We were totally exhausted by the end of that, but it was time to eat a real meal. So we took the Metro to La Rambla and wandered until we found a little rambla called Rambla Raval, where we found an upscale boutique hotel called Barcelo Raval, which has a sort of upscale gastro bistro in its lobby called the B Lounge. Very futuristic surreal decor in line with what you’d find in any other metropolitan city with retro-70s hipster cocktail culture. Miniature foie gras sliders, quail egg gazpacho, “faux” risotto (tiny orzo instead of rice) with a parmesan “cookie”, prawn carpaccio with spherified olive oil. You get the idea. Dessert was a “pina colada” which was some kind of pineapple gelee with chunks of pineapple, freezedried banana pieces, Pop Rocks, etc. Very fun to eat, which was the point.

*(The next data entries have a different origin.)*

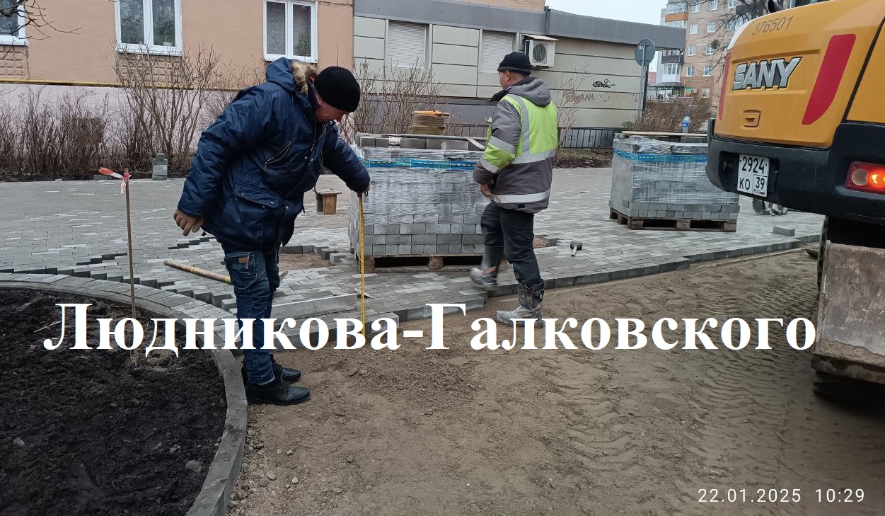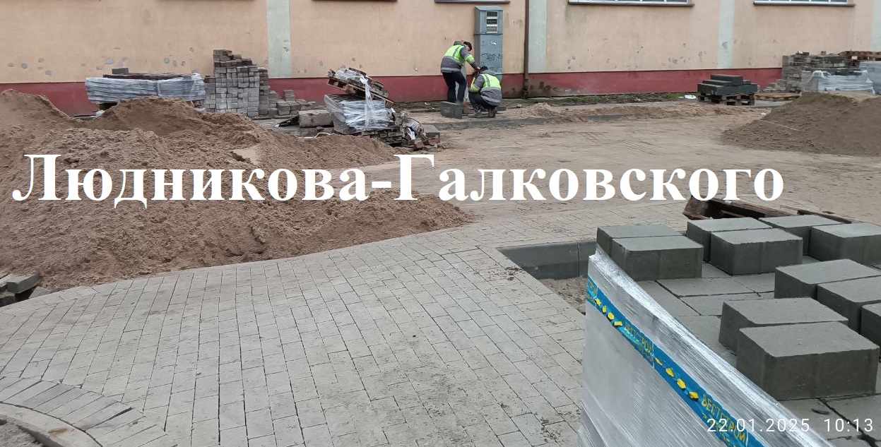 На различных участках тротуаров по переулку Грига, улицам Ген.-полк. Людникова и М. Галковского продолжают готовить основание, укладывают плитку, монтируют бортовой камень.
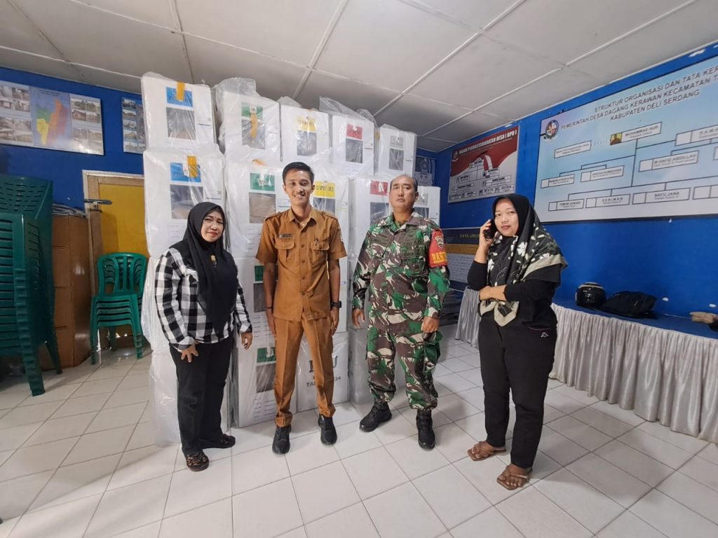Tanjung Morawa,Jelang Pemilu Tahun 2024 Tiga pilar bersama Pengurus PPS(Panitia Pemungutan Suara)Bersinergi pengamanan Logistik Kotak Suara Pemilu Tahun 2024 Di wilayah Desa Tanjung Morawa B Kec.Tanjung Morawa Kab.Deli Serdang,Selasa 13 Feb 2024.
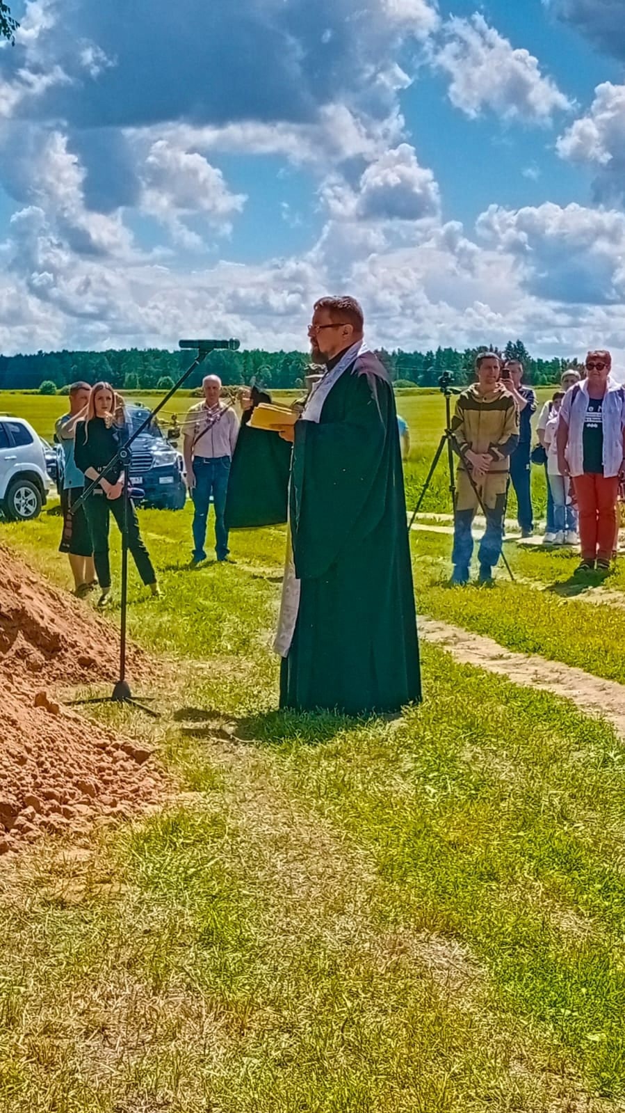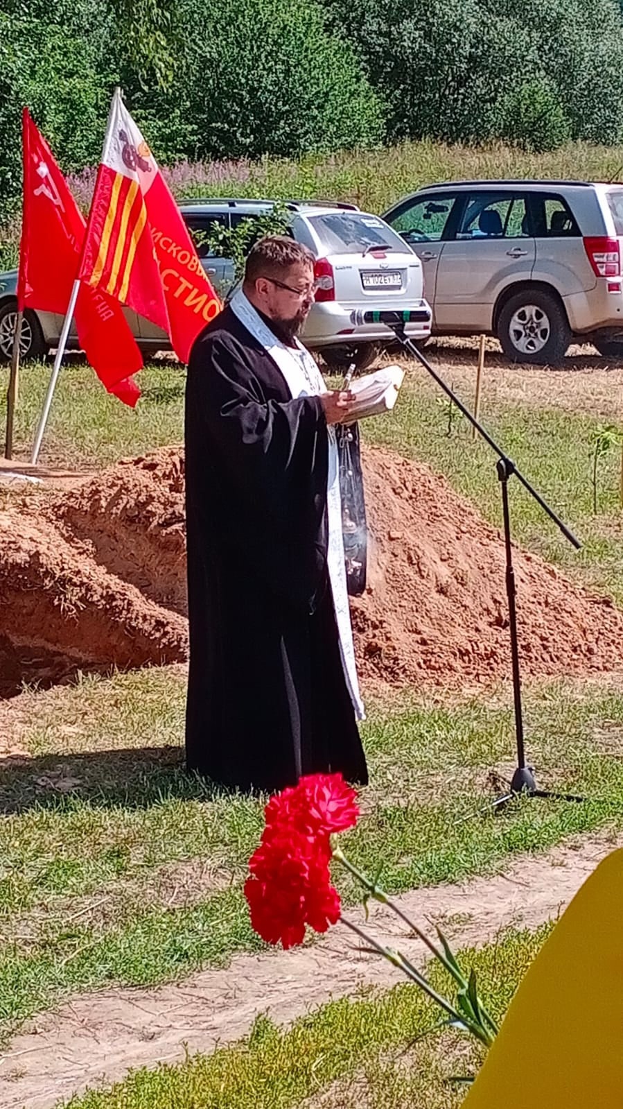 На месте перезахоронения Петра Петровича Соловьева иерей Сергий Володченков совершил заупокойную литию.
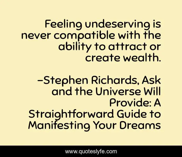 "Stephen Richards, Ask and the Universe Will Provide: A Straightforward Guide to Manifesting Your Dreams Quotes." Quoteslyfe.com, 2025. Wed. 24 Dec. 2025. <https://www.quoteslyfe.com/quote/Feeling-undeserving-is-never-compatible-with-the-44754>.
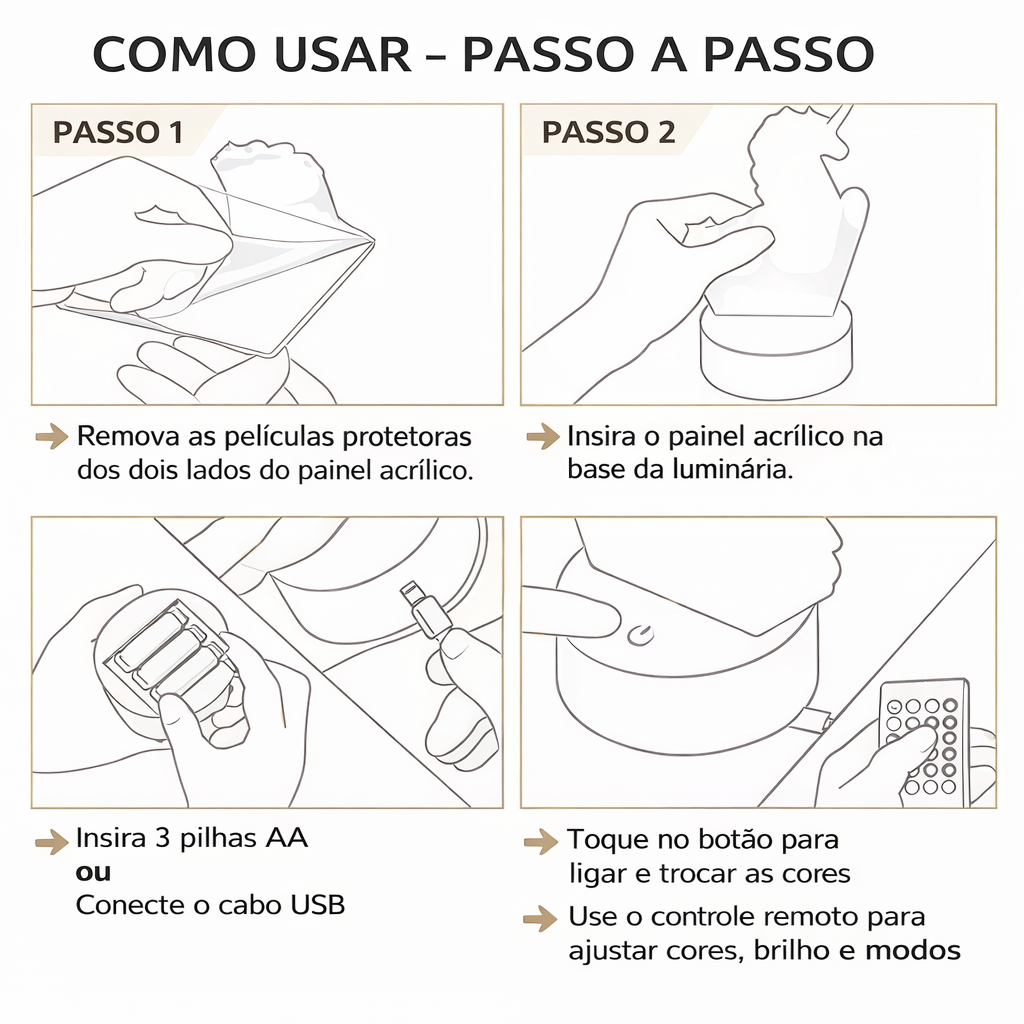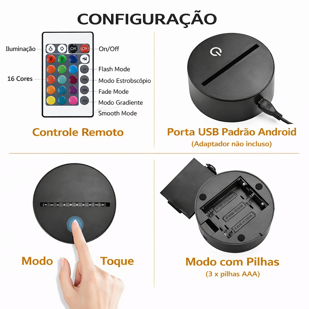 Transforme qualquer ambiente com a Luminária LED 3D, perfeita para quem busca decoração moderna, criativa e funcional. Com efeito visual em acrílico óptico e iluminação LED de alta qualidade, ela cria um impacto incrível no ambiente, seja em quartos, salas ou setups gamer.
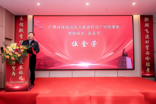 广西壮族自治区人民政府驻广州办事处党组成员、副主任伍金荣致辞。伍金荣首先肯定了广东省富川商会在各方面工作取得的优异成绩,他强调,2023年是全面贯彻落实党的二十大精神的开局之年,今年的自治区政府工作报告也明确提出了“推进贺州建设东融先行示范区”的目标。
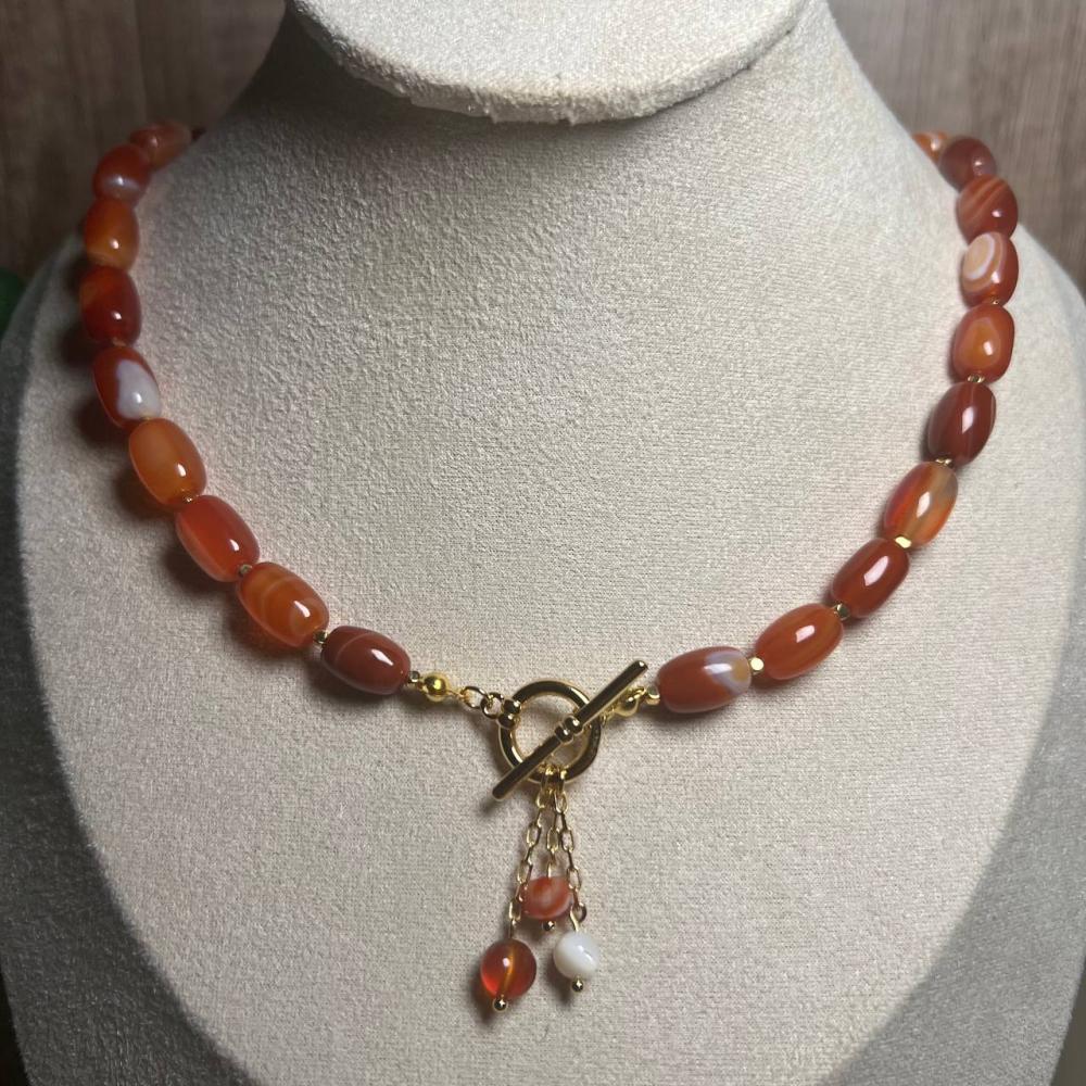 قلادة الأجات الأحمر – كارنيليانأبرزي حضورك الأنيق مع هذه القلادة المصنوعة من حجر الأجات الأحمر (كارنيليان) الطبيعي، المعروف بلونه الدافئ الذي يرمز للطاقة والشجاعة والإلهام.

And a set of “ravioli” filled with chocolate and served with hibiscus salt and olive oil “roe” (spherified).
Then we came back to the hotel and all crashed super-hard. I’m writing this now the morning of the fourth day, and corwin and Kate are still asleep!
Today we rent a car, we’re going to try to see Park Guell, and then we drive into the mountains to Cardona where we’re going to stay in a castle tonight.